Content starts
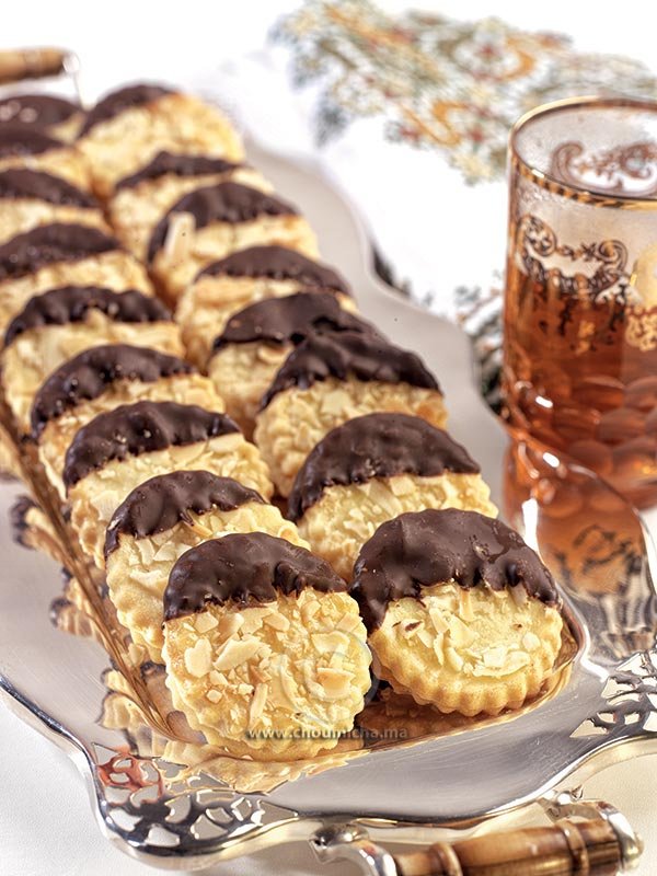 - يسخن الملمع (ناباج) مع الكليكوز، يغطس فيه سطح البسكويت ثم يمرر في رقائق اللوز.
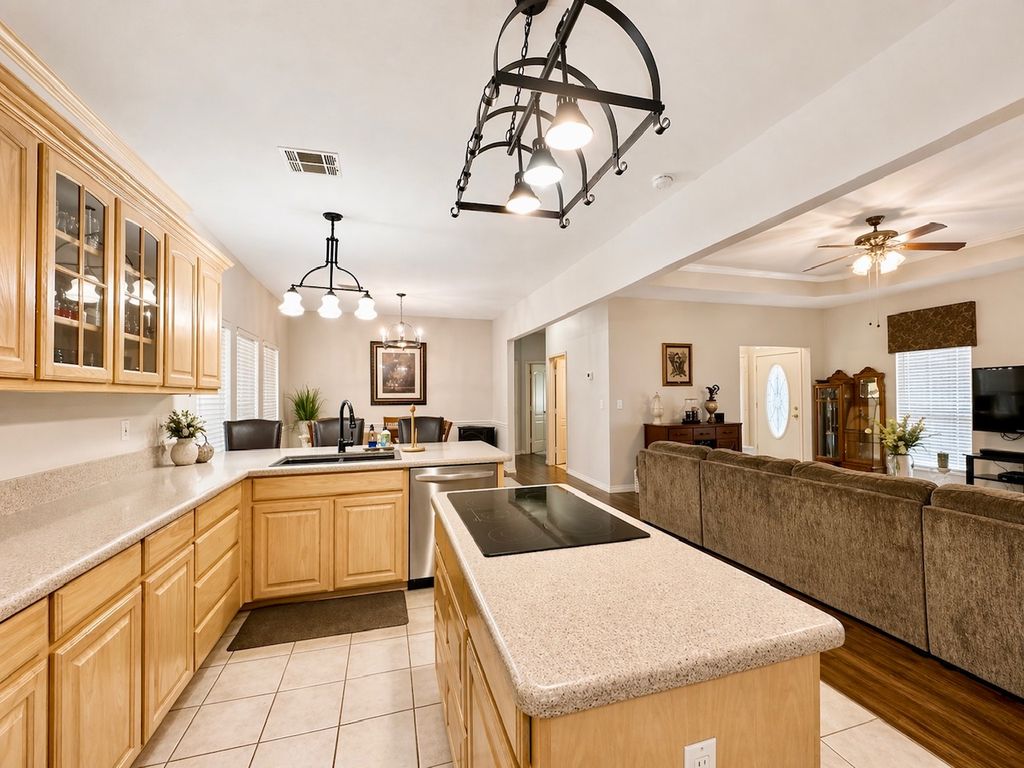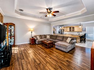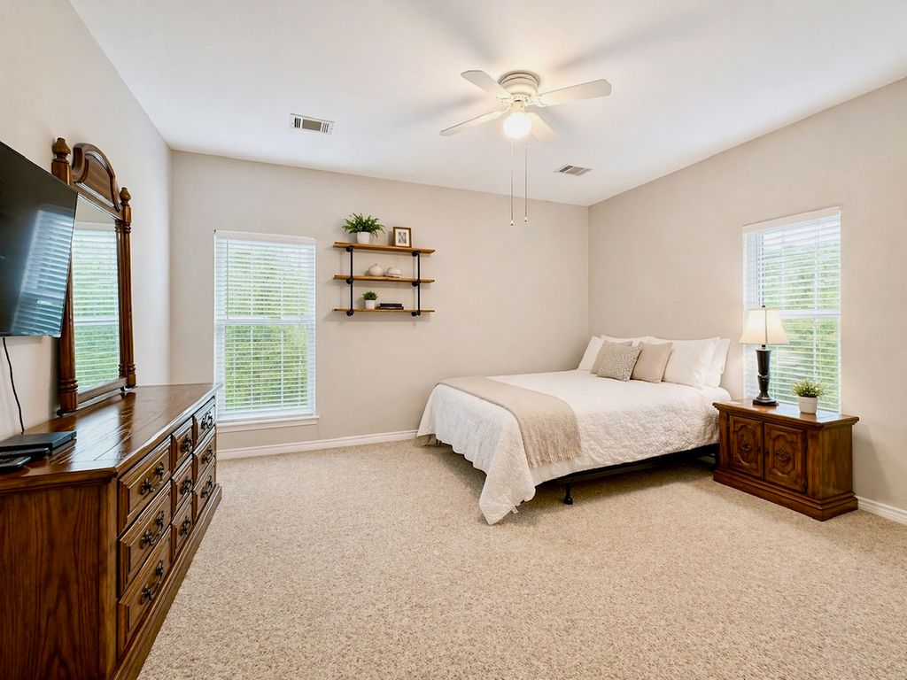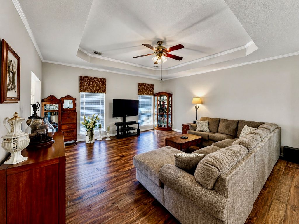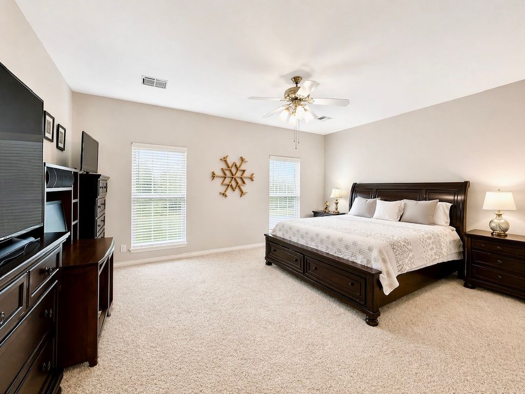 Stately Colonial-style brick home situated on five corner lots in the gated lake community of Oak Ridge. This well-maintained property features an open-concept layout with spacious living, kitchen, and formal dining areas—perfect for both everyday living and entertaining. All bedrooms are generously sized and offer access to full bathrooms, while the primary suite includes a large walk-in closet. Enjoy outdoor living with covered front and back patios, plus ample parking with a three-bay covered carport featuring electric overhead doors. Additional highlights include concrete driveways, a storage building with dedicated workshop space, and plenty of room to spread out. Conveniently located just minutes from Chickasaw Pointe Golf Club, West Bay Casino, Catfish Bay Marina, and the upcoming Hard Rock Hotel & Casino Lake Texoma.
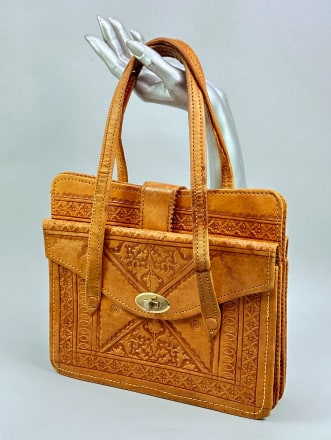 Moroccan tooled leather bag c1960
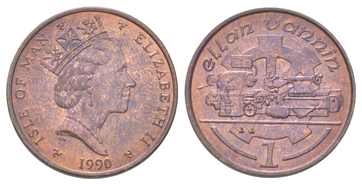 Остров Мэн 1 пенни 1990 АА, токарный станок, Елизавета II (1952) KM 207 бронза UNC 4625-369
Content ends
## What you are asked to do
Every line of the material must be returned verbatim, and pictures must be left behind.

## Expected answer
 - يسخن الملمع (ناباج) مع الكليكوز، يغطس فيه سطح البسكويت ثم يمرر في رقائق اللوز.
 Stately Colonial-style brick home situated on five corner lots in the gated lake community of Oak Ridge. This well-maintained property features an open-concept layout with spacious living, kitchen, and formal dining areas—perfect for both everyday living and entertaining. All bedrooms are generously sized and offer access to full bathrooms, while the primary suite includes a large walk-in closet. Enjoy outdoor living with covered front and back patios, plus ample parking with a three-bay covered carport featuring electric overhead doors. Additional highlights include concrete driveways, a storage building with dedicated workshop space, and plenty of room to spread out. Conveniently located just minutes from Chickasaw Pointe Golf Club, West Bay Casino, Catfish Bay Marina, and the upcoming Hard Rock Hotel & Casino Lake Texoma.
 Moroccan tooled leather bag c1960
 Остров Мэн 1 пенни 1990 АА, токарный станок, Елизавета II (1952) KM 207 бронза UNC 4625-369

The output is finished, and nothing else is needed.